*** Begin section ***

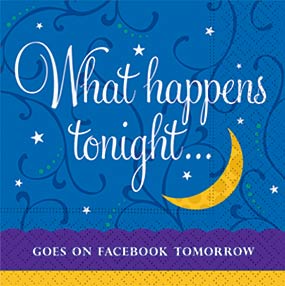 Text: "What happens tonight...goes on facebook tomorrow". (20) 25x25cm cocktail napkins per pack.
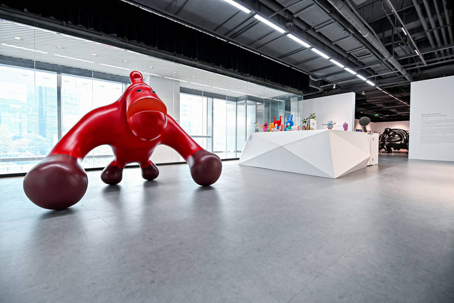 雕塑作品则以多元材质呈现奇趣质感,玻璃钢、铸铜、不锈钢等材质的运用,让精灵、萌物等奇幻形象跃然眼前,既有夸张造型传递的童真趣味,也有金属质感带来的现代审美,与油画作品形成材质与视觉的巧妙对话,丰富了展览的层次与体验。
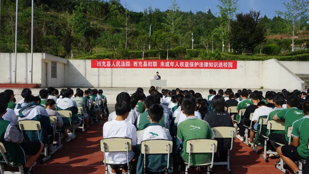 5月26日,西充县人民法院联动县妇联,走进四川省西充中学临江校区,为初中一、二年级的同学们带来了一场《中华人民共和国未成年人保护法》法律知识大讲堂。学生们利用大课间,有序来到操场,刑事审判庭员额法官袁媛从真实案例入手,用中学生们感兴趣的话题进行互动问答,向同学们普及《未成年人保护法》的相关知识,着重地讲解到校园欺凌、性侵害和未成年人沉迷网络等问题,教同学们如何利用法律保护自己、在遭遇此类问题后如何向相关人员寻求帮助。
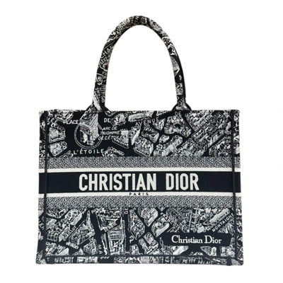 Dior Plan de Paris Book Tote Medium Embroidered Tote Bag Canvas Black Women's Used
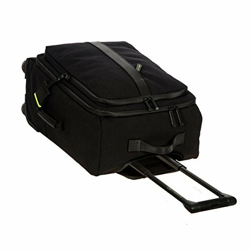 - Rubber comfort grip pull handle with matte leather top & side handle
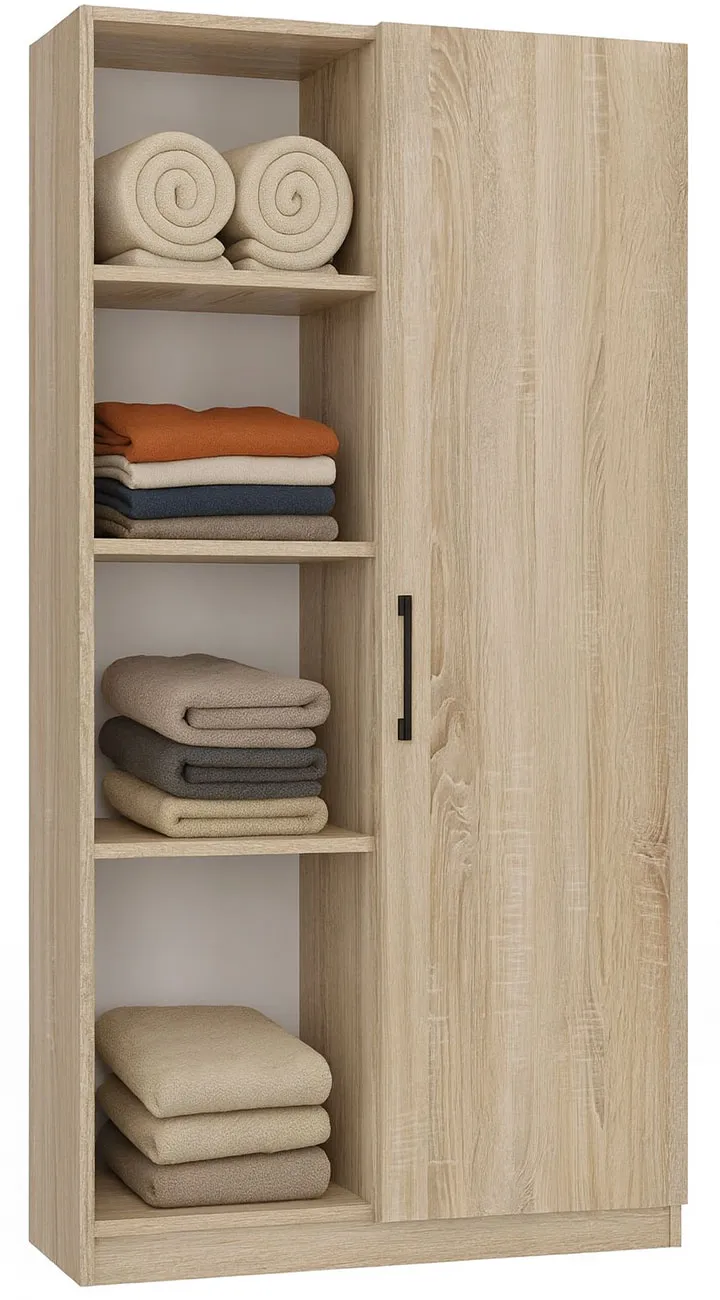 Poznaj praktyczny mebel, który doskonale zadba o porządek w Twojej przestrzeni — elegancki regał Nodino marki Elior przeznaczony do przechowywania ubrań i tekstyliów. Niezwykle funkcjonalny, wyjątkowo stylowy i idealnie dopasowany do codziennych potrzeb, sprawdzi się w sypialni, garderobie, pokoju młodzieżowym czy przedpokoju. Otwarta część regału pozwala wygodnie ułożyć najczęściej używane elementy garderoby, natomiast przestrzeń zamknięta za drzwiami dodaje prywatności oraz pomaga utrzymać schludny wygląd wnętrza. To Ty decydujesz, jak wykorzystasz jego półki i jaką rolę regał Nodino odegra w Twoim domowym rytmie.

*** End section ***

• Work task:
The answer must consist solely of the lines from the first line of the records through the line containing "- Rubber comfort", reproduced exactly and without the pictures.

• Reply to the exercise:
 Text: "What happens tonight...goes on facebook tomorrow". (20) 25x25cm cocktail napkins per pack.
 雕塑作品则以多元材质呈现奇趣质感,玻璃钢、铸铜、不锈钢等材质的运用,让精灵、萌物等奇幻形象跃然眼前,既有夸张造型传递的童真趣味,也有金属质感带来的现代审美,与油画作品形成材质与视觉的巧妙对话,丰富了展览的层次与体验。
 5月26日,西充县人民法院联动县妇联,走进四川省西充中学临江校区,为初中一、二年级的同学们带来了一场《中华人民共和国未成年人保护法》法律知识大讲堂。学生们利用大课间,有序来到操场,刑事审判庭员额法官袁媛从真实案例入手,用中学生们感兴趣的话题进行互动问答,向同学们普及《未成年人保护法》的相关知识,着重地讲解到校园欺凌、性侵害和未成年人沉迷网络等问题,教同学们如何利用法律保护自己、在遭遇此类问题后如何向相关人员寻求帮助。
 Dior Plan de Paris Book Tote Medium Embroidered Tote Bag Canvas Black Women's Used
 - Rubber comfort grip pull handle with matte leather top & side handle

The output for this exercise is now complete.